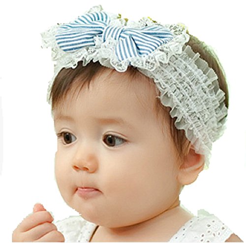 ブルーストライプレースリボンベビー用ヘアバンド
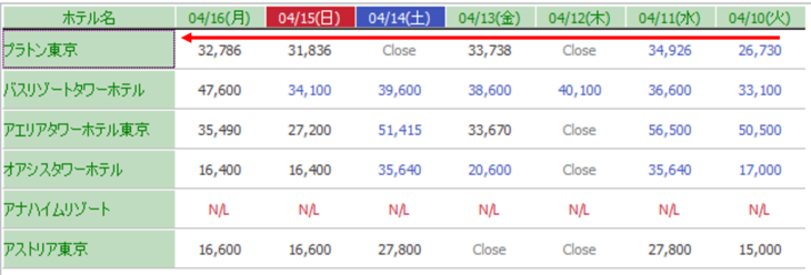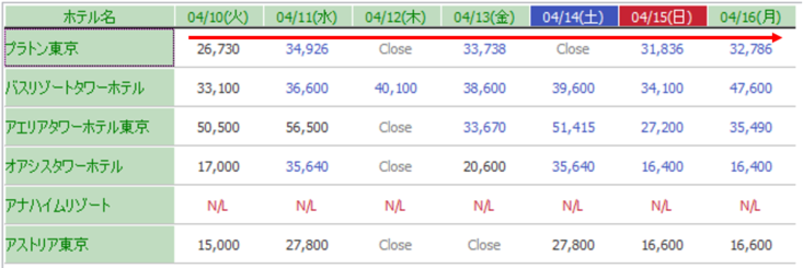 最安料金リスト、最安料金グラフ、価格分散グラフ、価格バブルチャート画面にて、料金及びグラフクリック時のインフォメーション画面ポップアップ設定の変更。
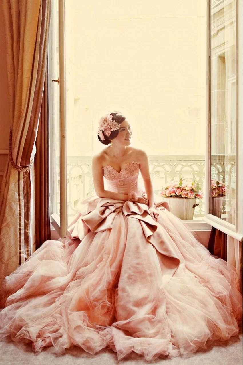 Stunning Nude Pink Ball Gown Wedding Dress Off Shoulder With Lace Nude Pink Wedding Dress

Assignment. Return the data exactly. Pictures stay out.

Your solution.
 ブルーストライプレースリボンベビー用ヘアバンド
 最安料金リスト、最安料金グラフ、価格分散グラフ、価格バブルチャート画面にて、料金及びグラフクリック時のインフォメーション画面ポップアップ設定の変更。
 Stunning Nude Pink Ball Gown Wedding Dress Off Shoulder With Lace Nude Pink Wedding Dress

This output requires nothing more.